Speeds, feeds and settings

Hi Rob. It should be possible to work in either imperial or millimetres. It is the relationship between the numbers which is what matters.

I am looking at those numbers for feed and pass, your #201 cutter and the results you have pictured. The pictures show tearout at the top of your workpiece, rather than a nice clean cut. This is strongly suggestive that the cutter is proceeding too fast through the workpiece and is tearing the top layer of material as it passes. The depth of cut looks a little too deep for the speed of the cutter through the workpiece. The workpiece material is probne to tearout and voids. Some people may suggest to you that a downcut cutter will fix this issue. It may but the problem of feed speed and size of cut has not been addressed by that solution.

You can go back to millimetres if that is your comfort zone and then you do not have to try and grasp the imperial measurements and their implications. That speed of 75" per minute equates to 0905mm per minute. If this were my own workpiece I would be dropping that speed to 1000mm/min. In carbide motion you have the ability to dynamically adjust the rate of feed up or down during the cutting process.

The 0.060" pass depth is more than I would subject a cutter to in the first instance. It equates to 1.524mm and the reason that the depth may be too much is that the cutter is engaged in using 100% of its surface area when slotting, cutting the material directly without having any relieving spaces surrounding the cutter. In my world, I would start at 0.5mm and watch, listen and feel how the machine is working. If the cut is too heavy, you will hear the machine fighting as it moves the cutter forward and you will likely feel some vibration through the trails.

Initially, you could aim to have a quiet and comfortable machine that does not feel strained. It will preserve your machine and your tool life. You can always ramp up the cutting speed and depth, depending on material desired finish orf the workpiece

This link shows an olive wood carving. It is very nice wood to carve and for my roughing pass, I used a two flute 6.35mm (¼") cutter at 1000mm/min and a pass depth of 1mm at 10,000 rpm. Note how clean the cut looks.
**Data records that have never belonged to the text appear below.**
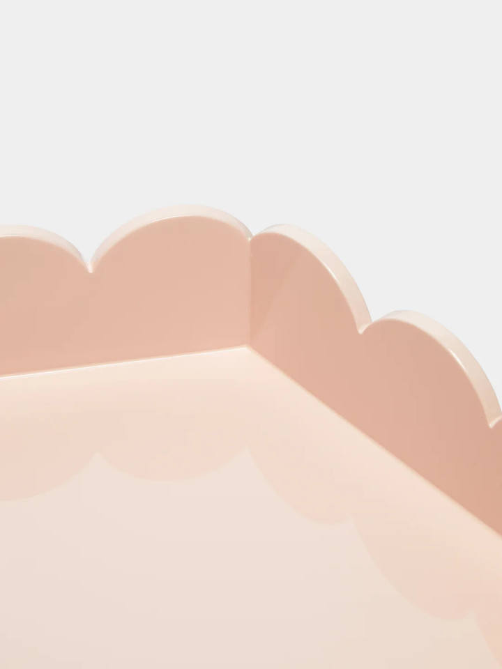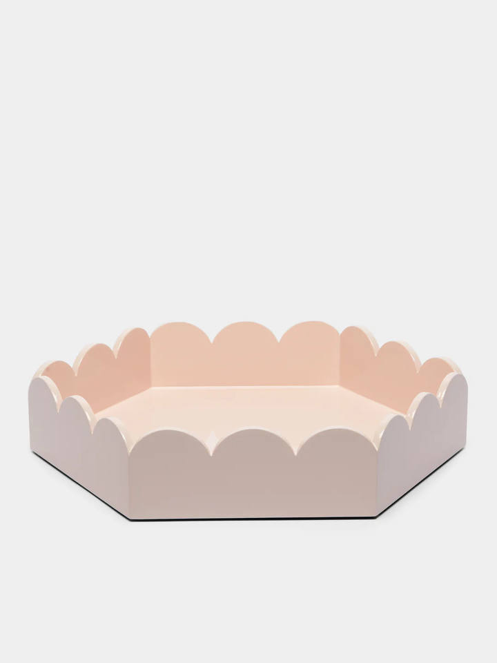 Pastel Pink Japandi Luxury Lacquer Vanity Tray Scallop Edge Decorative Hexagon Organizer for Desk Vanity Customizable Scallop
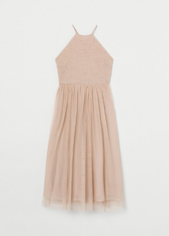 Сукня завдовжки до литок, з серпанку і шифону, з ліфом, розшитим бісером, і вузьким кроєм зверху. Регульовані вузькі бретелі перехрещуються ззаду, збоку потайна блискавка, спина відкрита. Відрізна талія і м'яко струмлива спідниця кльош. На підкладці. Можливо пошкодження бірки.
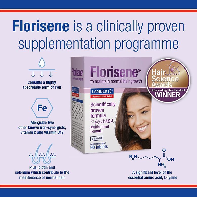 2. Τη διατήρηση της φυσιολογικής ανάπτυξης και της ομοιοστασίας της τρίχας. Η φυσιολογική ανάπτυξη της τρίχας προϋποθέτει τον φυσιολογικό πολλαπλασιασμό των κυττάρων του τριχοθυλακίου και για τον λόγο αυτό προστέθηκε στο Florisene® βιταμίνη Β12 που συμβάλλει στη διαδικασία της κυτταρικής διαίρεσης *, ενώ για τη διατήρηση της φυσιολογικής ομοιοστασίας της τρίχας προστέθηκαν βιοτίνη και σελήνιο, που συμβάλλουν στη διατήρηση της φυσιολογικής κατάστασης των μαλλιών*.
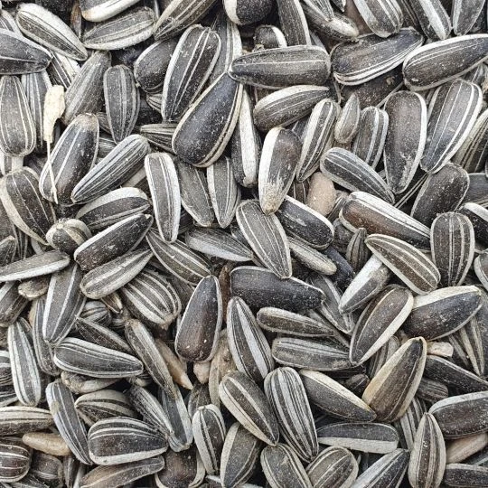 Die gestreiften Sonnenblumenkerne sind gereinigt und können ohne weitere Behandlung ins Futter gemischt werden.
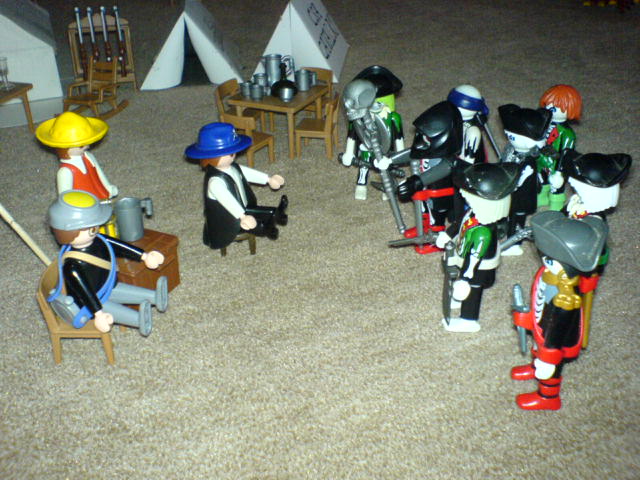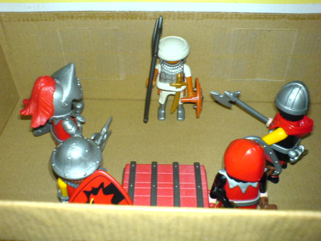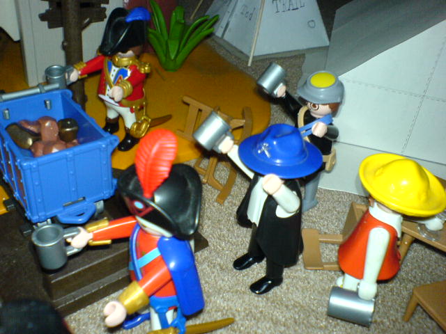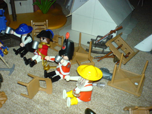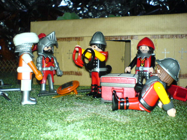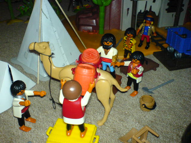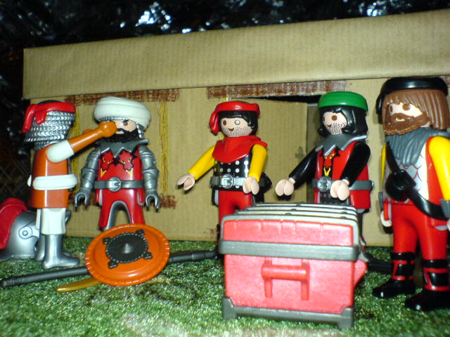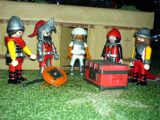 "Ihr seid hier im geheimen Hauptquartier der Befreiungsfront von Palästina. Ich bin Scheich Awar Achwas. Und wer seid Ihr???" "Wir sind die Garnison von Stehdumrum, und habe noch 'ne Rechnung offen.""Dann lasst uns ein Bündnis schließen. Ich habe auch eine Rechnung mit dem Earl of grey offen. Ihr helft mir Schulden eintreiben, und ich dann Euch." "Lasst uns in das Lager schleichen und die dortigen Fellachen aufwiegeln. In der Verwirrung des Aufstandes können wir dann Schätze, Kulturgüter und Weiber rauben." "Die Waffen bleiben hier. Wir überlassen den Fellachen das Kämpfen.""Dann brauchen wir aber Verkleidung." "Mal schauen was in dieser Truhe ist." *Quietsch, knarz*
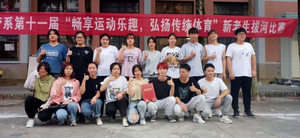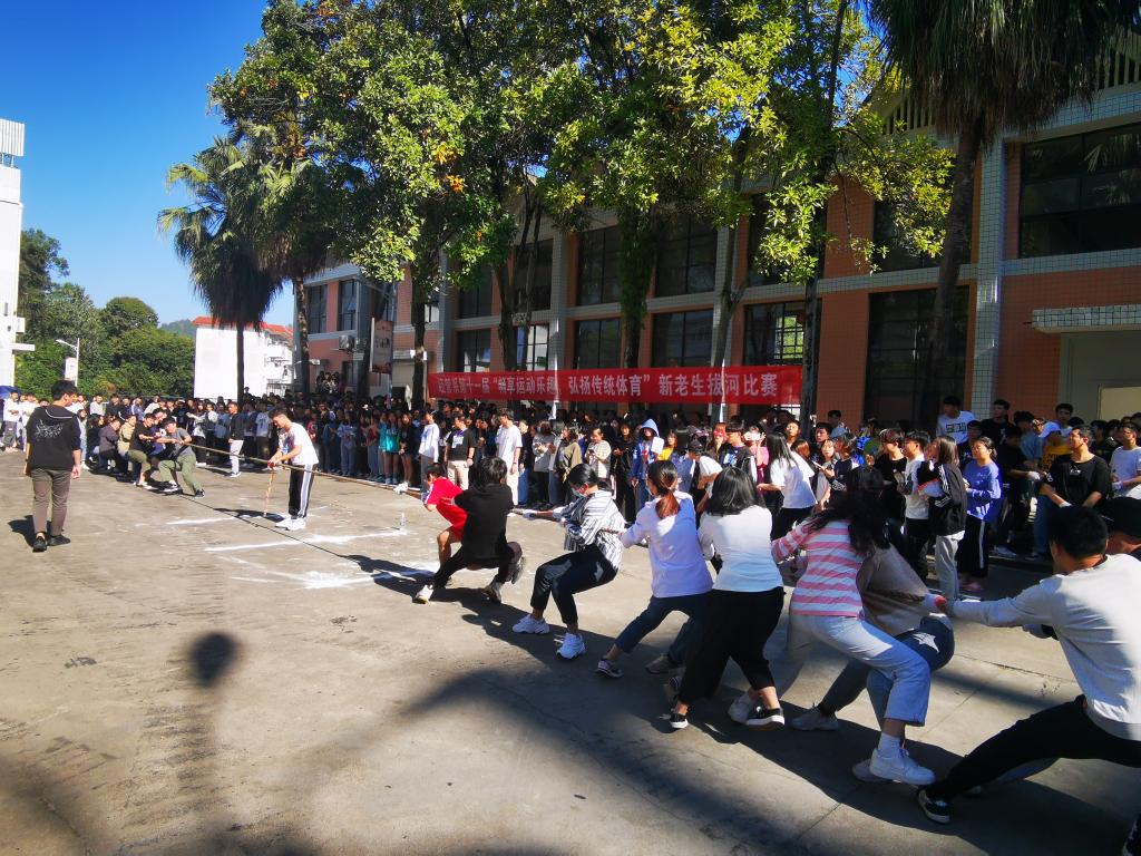 疫情在校期间,为了丰富同学们的业余文化生活,增强同学们体育锻炼的意识,形成良好的体育锻炼的习惯,提升身体的综合素质,丰富新老生的课余生活。2020年11月1号下午2:00,经济管理系在天麟校区礼堂门口开展第十一届“畅享运动乐趣,弘扬传统体育”新老生拔河比赛。

For my finishing pass, I did not wish to sand the model detail at all because I wanted to retain the details as carved. I used a circumferential toolpath (to avoid repetitive lines like a ploughed field when using raster cutting) with a ball ended two flute cutter of 0.25mm (0.00984"). I was using a 3D pass depth at 18,000 rpm. The pass depth for a 3D carve like this carves the whole of the depth all at once in that specific line of cut, hence the very small ball ended cutter.